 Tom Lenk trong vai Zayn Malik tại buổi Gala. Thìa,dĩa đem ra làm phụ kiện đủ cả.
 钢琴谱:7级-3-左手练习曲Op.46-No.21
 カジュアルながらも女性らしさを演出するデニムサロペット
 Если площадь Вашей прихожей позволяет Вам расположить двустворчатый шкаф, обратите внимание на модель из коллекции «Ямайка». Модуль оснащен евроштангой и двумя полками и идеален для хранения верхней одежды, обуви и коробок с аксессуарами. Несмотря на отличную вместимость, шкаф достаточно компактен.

* * *

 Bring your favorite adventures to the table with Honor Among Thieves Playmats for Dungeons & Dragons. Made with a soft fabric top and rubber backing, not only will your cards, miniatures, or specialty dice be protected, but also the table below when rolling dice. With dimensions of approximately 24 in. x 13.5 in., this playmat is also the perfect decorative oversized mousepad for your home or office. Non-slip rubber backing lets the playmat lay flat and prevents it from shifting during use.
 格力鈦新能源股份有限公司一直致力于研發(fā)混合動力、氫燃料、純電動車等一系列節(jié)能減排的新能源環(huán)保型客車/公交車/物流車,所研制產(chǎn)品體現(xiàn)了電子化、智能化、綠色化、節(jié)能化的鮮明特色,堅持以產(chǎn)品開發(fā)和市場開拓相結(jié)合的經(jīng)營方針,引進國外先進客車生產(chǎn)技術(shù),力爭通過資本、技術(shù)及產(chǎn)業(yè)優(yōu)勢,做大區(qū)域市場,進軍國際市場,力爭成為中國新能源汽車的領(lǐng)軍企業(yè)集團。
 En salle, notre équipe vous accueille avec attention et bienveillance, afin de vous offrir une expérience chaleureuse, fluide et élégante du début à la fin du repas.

* * *

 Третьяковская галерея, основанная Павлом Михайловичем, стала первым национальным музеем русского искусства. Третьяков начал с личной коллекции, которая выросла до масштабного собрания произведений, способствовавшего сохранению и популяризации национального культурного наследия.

▶ _Work item_
Every line containing the string "коллекции" should be pulled from the listing and copied.

▶ _Reply to the task_
 Если площадь Вашей прихожей позволяет Вам расположить двустворчатый шкаф, обратите внимание на модель из коллекции «Ямайка». Модуль оснащен евроштангой и двумя полками и идеален для хранения верхней одежды, обуви и коробок с аксессуарами. Несмотря на отличную вместимость, шкаф достаточно компактен.
 Третьяковская галерея, основанная Павлом Михайловичем, стала первым национальным музеем русского искусства. Третьяков начал с личной коллекции, которая выросла до масштабного собрания произведений, способствовавшего сохранению и популяризации национального культурного наследия.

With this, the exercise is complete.